To my mind, one of the most vital elements of philosophical wondering, one that is too often absent from the work and discussions of professional philosophers, is the emotional significance of these questions. To ask what it is that makes us who we are, for example, is not just an intellectual exercise. It is calling into question the way we think of ourselves, our relationships, and our futures. What we think about this most fundamental of questions illuminates the kinds of people we are.
And after years of working with children, I am still sometimes taken aback by how effortlessly many children will freely talk about their lives and reveal their vulnerabilities and fears. Oliver Wendell Holmes wrote that “pretty much all the honest truth-telling there is in the world is done by [children].” When I spend time with children, I find myself more easily expressing my own thoughts without worrying how smart or sophisticated I sound, and more willing to admit that I don’t know or am confused by something. I have developed a much greater ease with vulnerability and a better understanding of the ways vulnerability can be a source of strength and deeper connections with others.

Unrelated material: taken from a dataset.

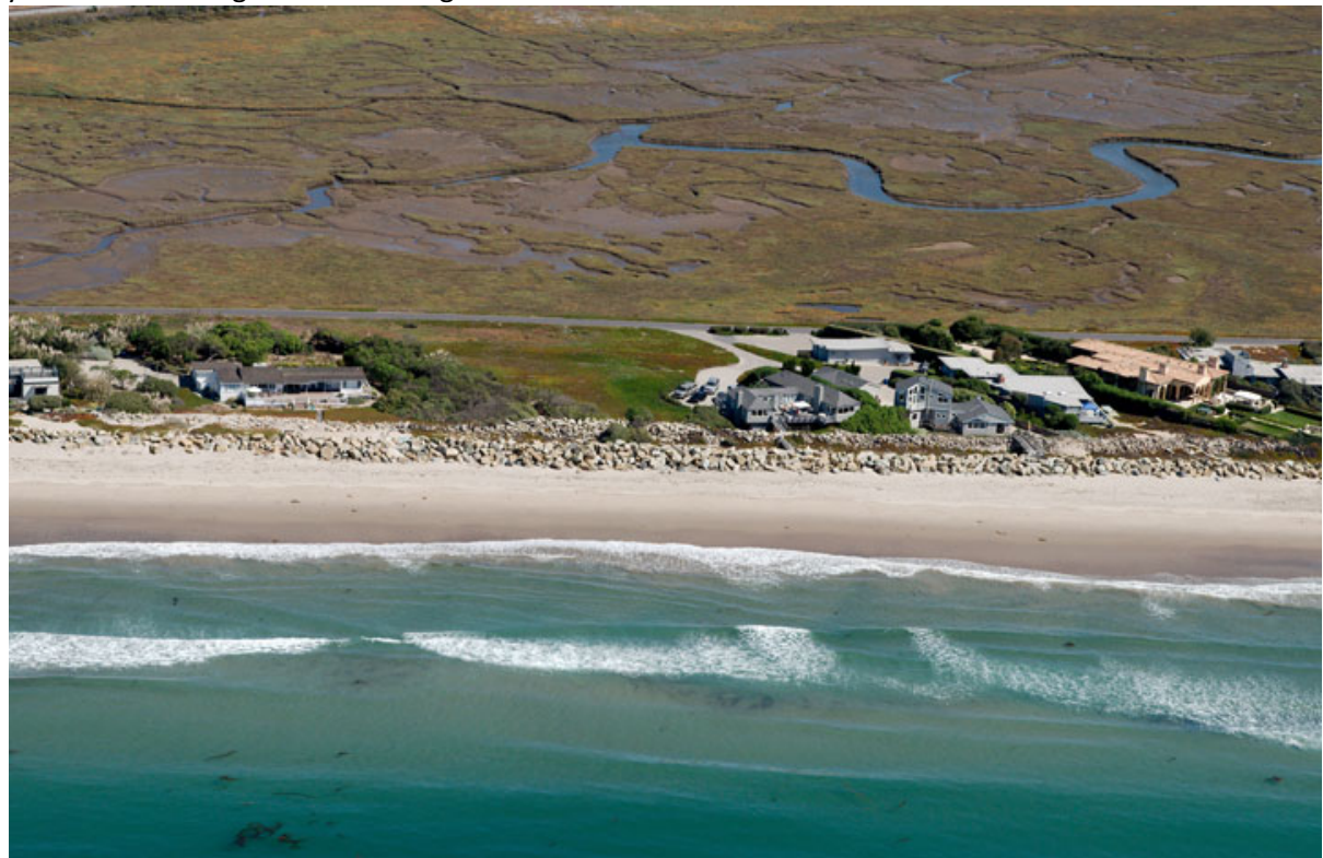
Figure 1. Proposed project site between Carpinteria Salt Marsh and the Pacific Ocean

The project is located at 755 Sand Point Road in the Carpinteria area located within the County of Santa Barbara (APN-005-460-043). The project proposes to demolish an existing residence 1,774 square foot dwelling and garage and to redevelop the site with a new 5,995 square foot dwelling, a 5,800 lower level storage area and an attached 1,335 square foot garage. The project is proposed to have a 75 year project life to 2090. The final structure proposes a base floor elevation of 8.64 feet NAVD, and an inhabited floor elevation of 17.64 feet NAVD. The first floor is designed with breakaway walls with storage areas. See Figure 1.

What effect do you hope your work will have?
My hope is that my work will have two primary effects. First, I believe that creating spaces for children to have conversations about the philosophical questions that matter to them empowers them to develop confidence in their own ways of seeing the world, a belief that their judgments and perceptions matter, and the skills to express their points of view clearly and compellingly. Second, I hope that reading Seen and Not Heard encourages adults to take more seriously children’s ideas and questions, and to be more willing to think with children about these topics and see children as people who might have something to teach us.

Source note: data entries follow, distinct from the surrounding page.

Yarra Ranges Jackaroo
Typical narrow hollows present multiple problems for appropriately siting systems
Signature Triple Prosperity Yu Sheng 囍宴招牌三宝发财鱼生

Acknowledging children as possessing important perspectives gives them a real opportunity to regard themselves differently, to develop confidence that their voices matter. Being a child shouldn’t mean being treated as a mediocre thinker. If children were regarded not as ‘defective adults,’ in the words of the cognitive scientist Alison Gopnik, but as people from whom we can learn, I think children would be more likely to grow up seeing themselves as full and valuable members of society.

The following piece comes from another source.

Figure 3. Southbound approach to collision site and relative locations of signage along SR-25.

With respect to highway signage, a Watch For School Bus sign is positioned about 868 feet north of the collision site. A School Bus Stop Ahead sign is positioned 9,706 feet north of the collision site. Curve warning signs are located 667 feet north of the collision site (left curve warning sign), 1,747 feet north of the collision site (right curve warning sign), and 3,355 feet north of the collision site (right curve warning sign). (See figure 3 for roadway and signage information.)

As we outgrow childhood, our understanding of it is shaped, and distorted, by the adults we become. Our memories tend to be partial and hazy; a “sort of luminous panel, sharply defined against a vague and shadowy background,” as Marcel Proust writes. Children’s thoughts can remind us of how we saw the world when we were children. Listening to children and taking what they say seriously offers adults greater access to the special capacities present in childhood – wonder and curiosity, vibrant awareness and imagination, openness, and a fresh way of looking at the world
I often think about a comment a child once made, “So much more is possible than we think.” If adults really listen to children, without preconceptions or prejudice, it can remind us that we too can be unafraid to try out ideas that might seem farfetched or naïve, and that possibility is alive in the world.